Millions of people around the world suffer from rheumatoid arthritis, an autoimmune disorder that causes debilitating joint swelling and pain. Researchers have been looking for ways to identify those who are at risk of developing rheumatoid arthritis to help stop the disease before it causes pain and improve patient outcomes. To do this, they first need to understand how rheumatoid arthritis develops.
In a recent multi-year study, researchers from multiple institutions joined forces to study the molecular profiles of patients with rheumatoid arthritis, those at risk of developing the disease, and people without the disease.1 The researchers found that about 30 percent of at-risk individuals developed rheumatoid arthritis within a few years. They reported, for the first time, that at-risk patients who developed rheumatoid arthritis showed signs of whole-body inflammation years before the onset of the disease. The researchers’ findings, published in Science Translational Medicine, reveal more early biomarkers for rheumatoid arthritis which may lead to ways to prevent, rather than treat, the disease.
“Overall, we hope this study raises awareness that rheumatoid arthritis begins much earlier than previously thought and that it enables researchers to make data-driven decisions on strategies to disrupt disease development,” said Mark Gillespie, an immunologist at the Allen Institute and a coauthor of the study, in a statement.
Physicians typically diagnose rheumatoid arthritis by testing patients’ blood for the presence autoantibodies, specifically anti-citrullinated protein antibodies (ACPA) and rheumatoid factor (RF). Researchers previously reported that in about 30 to 60 percent of cases, ACPA and RF can be present in the blood years before individuals experience symptoms of rheumatoid arthritis, suggesting their utility as biomarkers for an early diagnosis.2-6 However, scientists didn’t know how individuals progressed from the at-risk stage to the manifestation of joint inflammation and pain, which is known as clinical rheumatoid arthritis.
Ziyuan He and Mark Gillespie, immunologists at the Allen Institute, look for early immunological signs of rheumatoid arthritis.
Jenny Burns
In the present study, Gillespie and his collaborators sought to understand this transition. The researchers recruited 45 ACPA-positive “at-risk” individuals who had not yet developed clinical rheumatoid arthritis, 11 patients with early-stage clinical disease, and 38 ACPA-negative individuals who represented the healthy group. Then they profiled the participants’ blood plasma using transcriptomics, proteomics, and flow cytometry.
The researchers found hundreds of proteins that were enriched in at-risk individuals relative to their healthy counterparts. Many of these proteins were already known to be involved in inflammatory pathways, suggesting that there are indeed molecular changes that may allow researchers to identify people who are at risk of developing rheumatoid arthritis and that these changes are likely associated with systemic inflammation.
After about one-and-a-half years after the start of the study, 16 of the 45 at-risk individuals (36 percent) progressed to clinical rheumatoid arthritis. The researchers denoted this population as “converters.” To better understand the early progression of rheumatoid arthritis, the researchers paired converters’ samples from before and after their diagnosis. Through this analysis, they found transcriptional changes that indicated the activation and expansion of helper T cells, which stimulate the production of antibodies.

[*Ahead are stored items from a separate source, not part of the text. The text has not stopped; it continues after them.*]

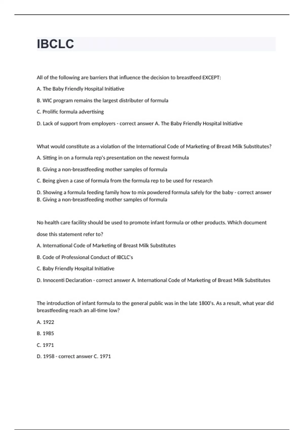 IBCLCAll of the following are barriers that influence the decision to breastfeed EXCEPT: A. The Baby Friendly Hospital Initiative B. WIC program remains the largest distributer of formula C. Prolific formula advertising D. Lack of support from employers - correct answer A. The Baby Friendly Hospital Initiative What would constitute as a violation of the International Code of Marketing of Breast Milk Substitutes? A. Sitting in on a formula rep's presentation on the newest formula B. Giving a non-breastfeeding mother samples of formula C. Being given a case of formula from the formula rep to be used for research D. Showing a formula feeding family how to mix powdered formula safely for the baby - correct answer B. Giving a non-breastfeeding mother samples of formula No health care facility should be used to promote infant formula or other products. Which document dose this statement refer to? A. International Code of Marketing of Breast Milk Substitutes B. Code of Professional Conduct of IBCLC's C. Baby Friendly Hospital Initiative D. Innocenti Declaration - correct answer A. International Code of Marketing of Breast Milk Substitutes The introduction of infant formula to the general public was in the late 1800's. As a result, what year did breastfeeding reach an all-time low? A. 1922 B. 1985 C. 1971 D. 1958 - correct answer C. 1971
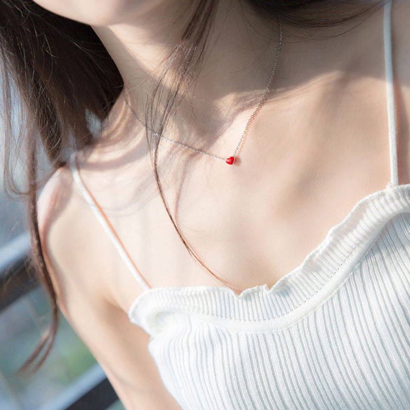红色小红心项链女韩版简约个性心形桃心爱心吊坠锁骨链潮网红饰品
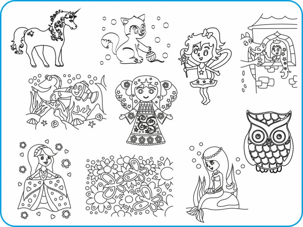 Šablony, dostatek barevného písku (cca pro 20-25 šablon), obaly na šablony, pomůcky a návod pro pískování. Složení obrázků můžete vidět na úvodní fotografii. Šablony jsou vhodně namíchané podle našich zkušeností z kreativní dílničky a vašich nejoblíbenějších obrázků.
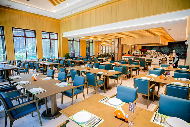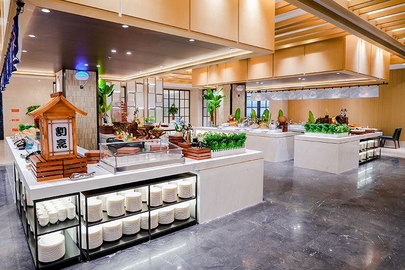 全景自助餐厅,让你一边品尝美食,一边欣赏窗外的自然美景。
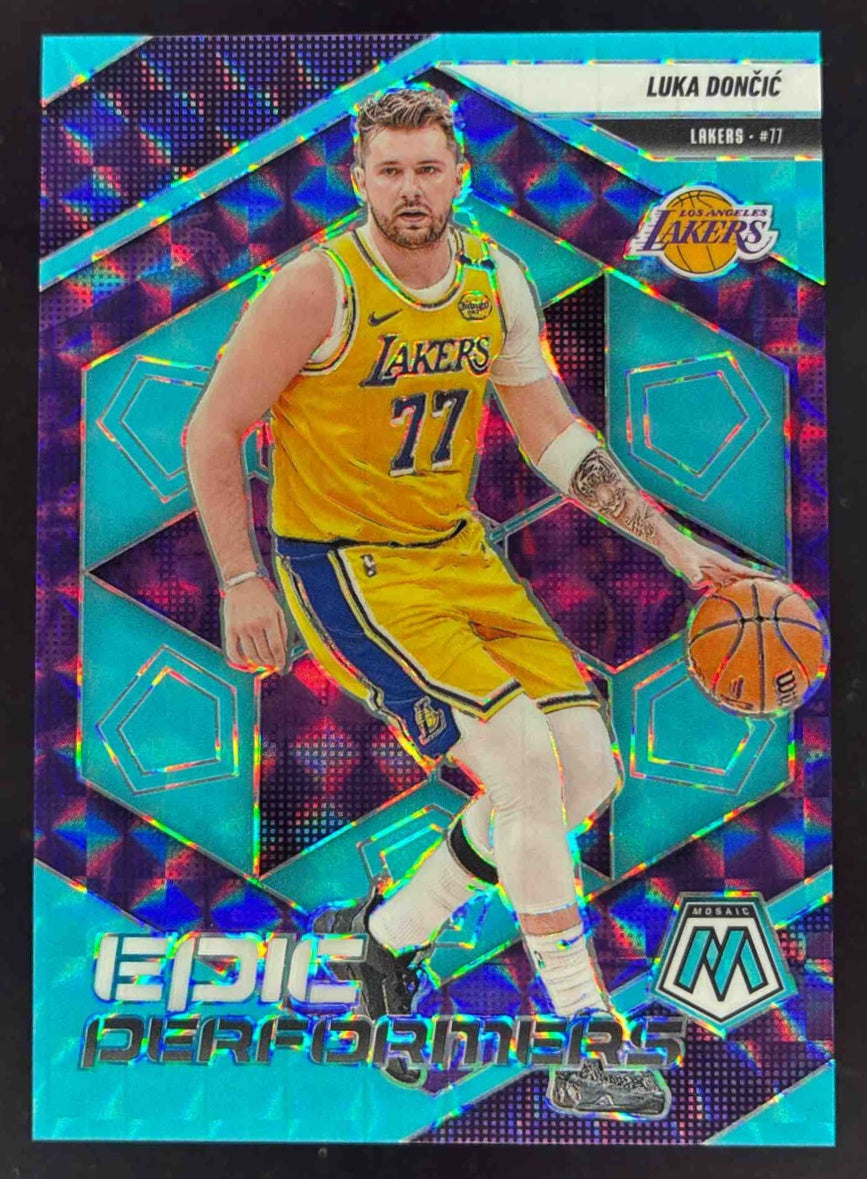 2024-25 Panini Mosaic Epic Performers Blue Fluorescent Mosaic Luka Doncic /30
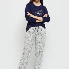Indulge in the most comfortable fashion trends with this pyjamas set. It has a printed t-shirt with a round neck and full sleeves. It is teamed up with a pair of printed pyjamas that has a drawstring closure and full-length construction.
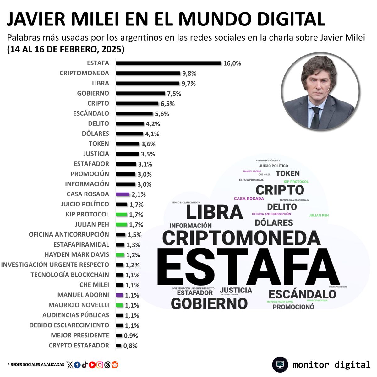 Además de las denuncias y las críticas de sus aliados, el presidente Javier Milei enfrenta una crisis de credibilidad tras el escándalo por promocionar la criptomoneda $LIBRA. Según un estudio de Monitor Digital, el escándalo consolidó "estafa" como la principal palabra clave utilizada en redes para atacar la figura del Presidente.
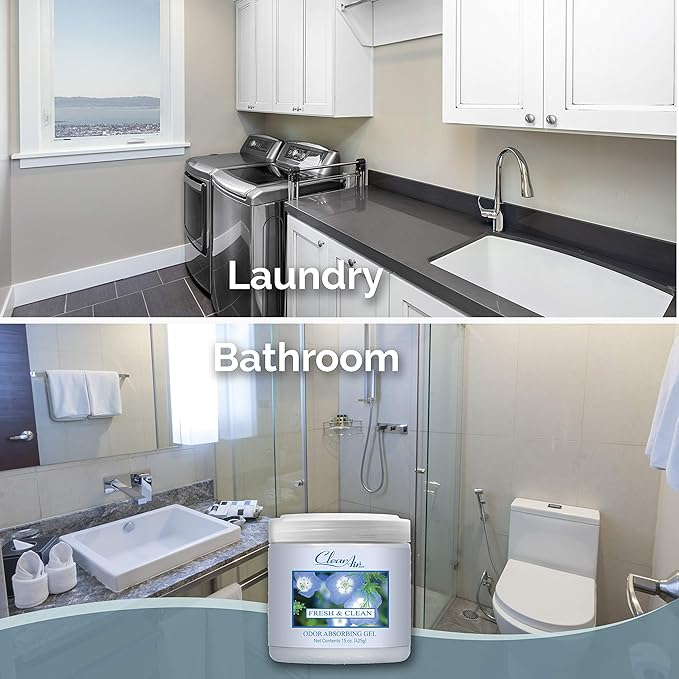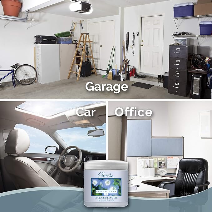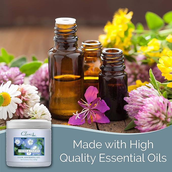 Clear Air Odor Absorber Gel - 15 oz, Pack of 2 - Air Freshener Absorbs and Eliminates Odors in Bathrooms, Cars, Boats, RVs and Pet Areas - Made with Essential Oils - Fresh & Clean Scent
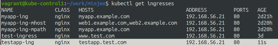 yaml 파일로 인그레스 컨트롤러를 생성후, 인그레스 목록을 확인한다. testapp.test.com FQDN과 할당된 노드의 IP 주소를 확인할 수 있다.
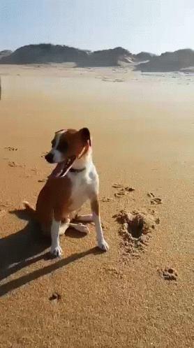 Opis sadržaja: a brown and white dog is sitting on the beach looking at the camera .
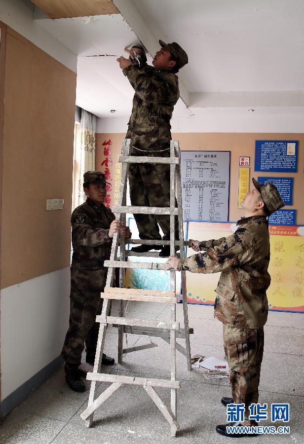 3月26日,战士们在维护修缮东海游击总队革命烈士纪念馆陈列室。
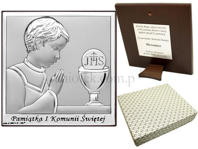 Włoski obrazek srebrzony z wizerunkiem pierwszokomunijnym.
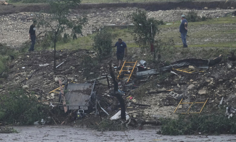 Personas inspeccionan los daños causados por el desbordamiento del río Guadalupe en Kerrville, Texas, el viernes 4 de julio de 2025. (AP Foto/Eric Gay)
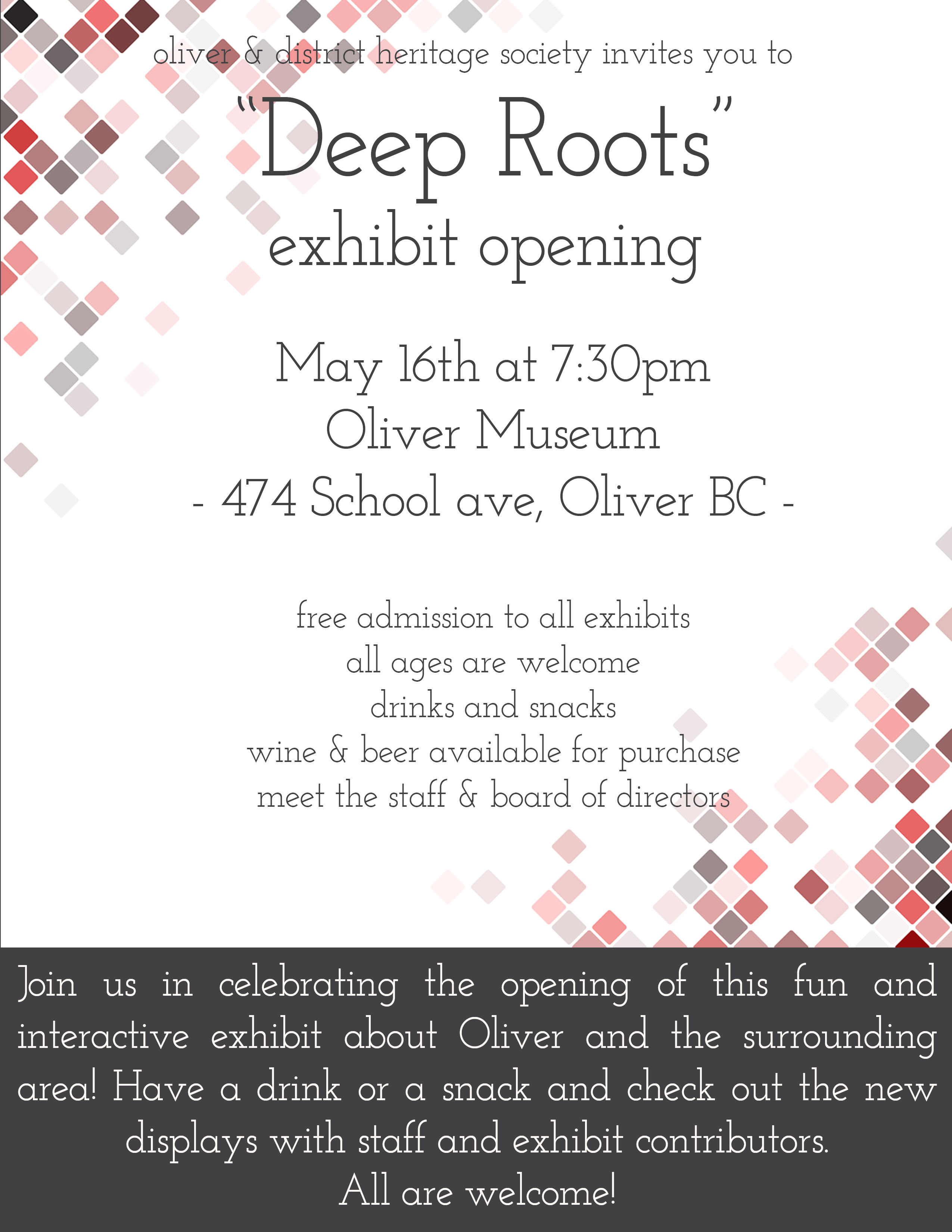 Come and celebrate with us at the opening of "Deep Roots", an interactive and modern exhibit that encompasses Oliver's natural history, culture, development, and community identity. Ribbon cutting with Member of Parliament Richard Cannings followed by entertainment, exhibit tours, & socializing. All are welcome!
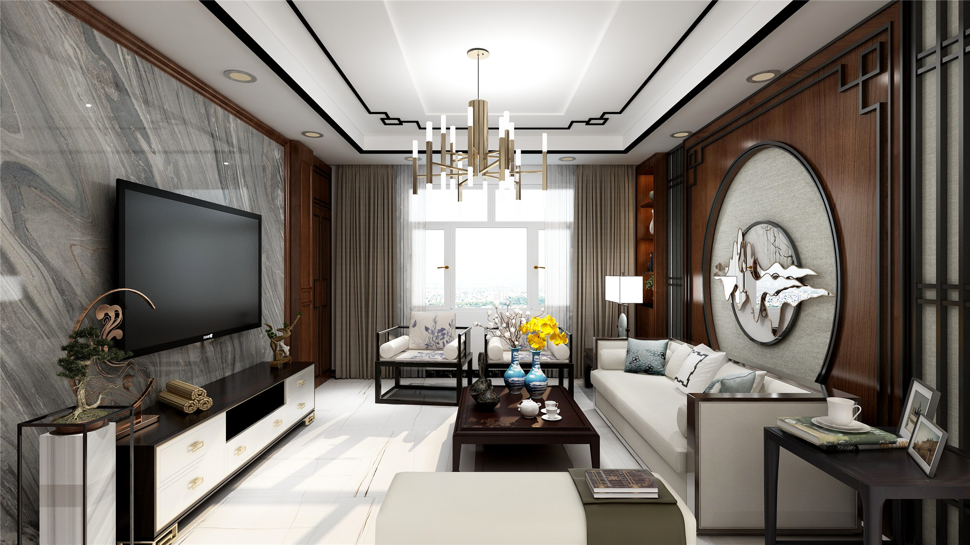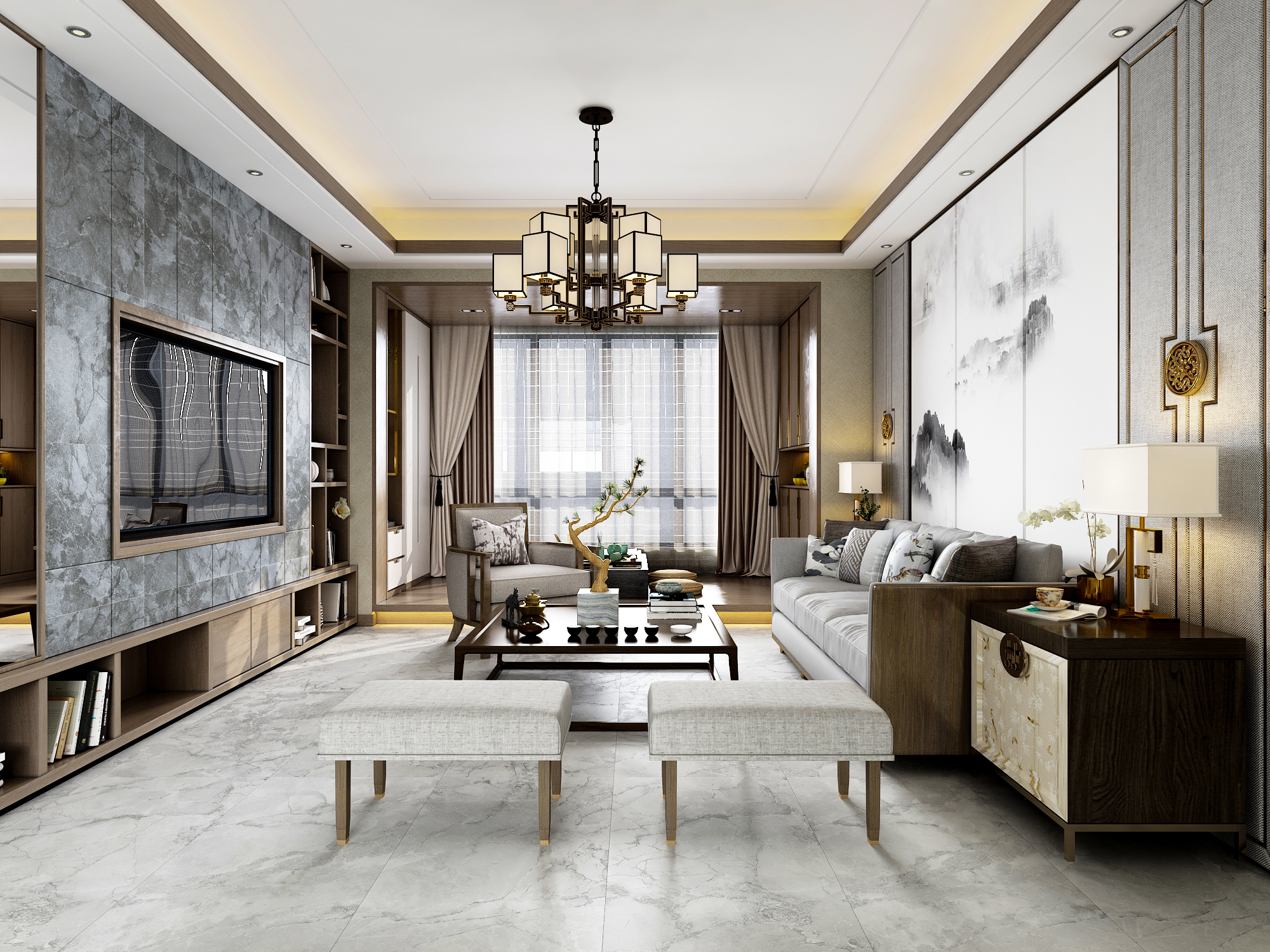 新中式风格擅长把中式元素与现代素材巧妙融合,有温度,有情感,为传统家居文化注入新气息。以中式韵调为基点,地面采用纹理缥缈的灰调施华洛世奇,在宁静中多了一丝清新、在稳重中多了一份自然气息,将室内的生机瞬间焕发。

The researchers also attempted to find transcriptomic signatures in circulating immune cells that could distinguish between converters and non-converters. However, they could only find a few transcripts that were differentially enriched between the two populations. The team proposed that this was due to the heterogeneity between patients and that their study was likely not large enough to pick up on subtler trends.
“We expect that going forward the findings from this study will support additional studies to identify ways to better predict who will get rheumatoid arthritis, identify potential biologic targets for preventing rheumatoid arthritis, as well as identify ways to improve treatments for those with existing rheumatoid arthritis,” said Kevin Deane, a rheumatologist at the University of Colorado Anschutz and coauthor of the study.
- He et al. Progression to rheumatoid arthritis in at-risk individuals is defined by systemic inflammation and by T and B cell dysregulation. Sci Transl Med. 2025
- Rantapää-Dahlqvist S, et al. Antibodies against cyclic citrullinated peptide and IgA rheumatoid factor predict the development of rheumatoid arthritis. Arthritis Rheum. 2003;48(10):2741-2749.
- Nielen MM, et al. Specific autoantibodies precede the symptoms of rheumatoid arthritis: a study of serial measurements in blood donors. Arthritis Rheum. 2004;50(2):380-386.
- Kelmenson LB, et al. Timing of elevations of autoantibody isotypes prior to diagnosis of rheumatoid arthritis. Arthritis Rheumatol. 2020;72(2):251-261.
- Duquenne L, et al. Predicting inflammatory arthritis in at-risk persons: development of scores for risk stratification. Ann Intern Med. 2023;176(8):1027-1036.
- Bergstedt DT, et al. Antibodies to citrullinated protein antigens, rheumatoid factor isotypes and the shared epitope and the near-term development of clinically-apparent rheumatoid arthritis. Front Immunol. 2022;13:916277.